Differential diagnosis of haematuria: glomerular or non-glomerular haematuria?

Authors

  • Patricia Ramos Mayordomo Resident Pharmacist. Clinical Analysis Service. Río Hortega University Hospital, Valladolid, Spain.
  • Marta Capilla Díez Specialist Physician in Clinical Analysis. Clinical Analysis Service. Río Hortega University Hospital, Valladolid, Spain. https://orcid.org/0009-0002-5292-1998

DOI:

https://doi.org/10.24197/5283t937

Keywords:

glomerular haematuria, non-glomerular haematuria, dysmorphic red blood cells, acanthocytes, phase contrast microscopy

Abstract

Haematuria is defined as the presence of >12 red blood cells (RBCs)/μL (2-3 RBCs/high-power field 40×) in the urinary sediment in men or >30 RBCs/μL (>5 RBCs/high-power field 40×) in women or children and this finding is considered pathological.
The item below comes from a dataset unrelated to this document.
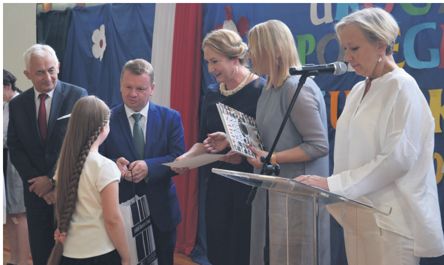
W czasie uroczystości wręczono stypendia uczniom z najlepszymi wynikami

To characterize haematuria, it is necessary to assess for macroscopic changes and to perform both a chemical urine analysis (dipstick testing) and a microscopic examination of the urinary sediment, this being the gold standard for its detection and confirmation.

This image illustrates the approach to the differential diagnosis of haematuria, emphasizing the key role of the Clinical Laboratory in performing urinalysis and interpreting the pathophysiological significance of urinary formed elements, helping to guide clinicians toward an accurate diagnosis.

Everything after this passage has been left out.